I've gone on some message boards to see what fans are saying, and they think they've heard everything and they haven't. There's a lot of stuff we have that no one's ever heard.

I've always thought you were an underrated guitarist, specifically on the Pumpkins' early albums and songs like "Starla."
My father was a guitar player, and I was raised with a super high standard of what good guitar playing was. I'd be in the living room practicing, and he'd walk by and shake his head, like, "That ain't gonna fly." So when I came into indie music, I had already been playing serious heavy metal/Yngwie Malmsteen solos.
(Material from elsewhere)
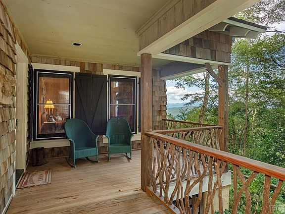 Perched within the private, gated Wolf Knob Acres subdivision, this 2 bedroom, 3 bath, 1.5 story home also features two bonus rooms. On the main floor find the dining area, living room with a captivating stone, wood-burning fireplace, and the kitchen with stainless steel appliances, granite countertops, and a skylight that welcomes natural light. The main level primary and second bedrooms are each accompanied by an en suite bathroom. Overlooking the living area is a loft with the 3rd bathroom, perfect for an office space or reading nook. The attached garage is accessed from the second bonus room, just off the main level living area. Three wood-burning fireplaces can be found in the home, in the primary bedroom and the living room, and on the partially covered deck. Take in spectacular long-range views from the side deck as you unwind from the day, sip your favorite beverage, and listen to the serendipitous sounds of nature. Adjoining National Forest Service land - so no one will be able to own or build directly behind this home - you're ensured natural wooded surroundings and privacy. The HVAC unit is approximately 2 years old and the newly replaced roof is backed with a generous warranty. Within 15 minutes from the beach access area at the pristine Lake Glenville and all the summer water activities it entails - swimming, kayaking, boating, and more. This serene and private mountain oasis is the perfect getaway to start your next adventure!

When I first started playing in front of alternative crowds, they were like, "What's with the solos?" It was probably because I came from a metal background of practicing and my father's very jaundiced eye about my ability, and wasn't really influenced by the alternative mindset about guitar, which was "Don’t try too hard."

I always thought Kurt Cobain was the perfect embodiment of the great alternative guitar player. He was a really great guitar player, but when he got to the solo, he played the "I can't really play" solo – even though he could totally play. I was the guy who wanted to play the ripping Queen lead; I didn't want to do the "I can't play" solo.

What can fans expect from Oceania?
My friends said that it reminds them of what they always liked about the Pumpkins, but it sounds fresh. It has a familiarity to it, which is kind of hard to put your finger on it, but at the same time, it doesn't sound like, "Oh, it's the same."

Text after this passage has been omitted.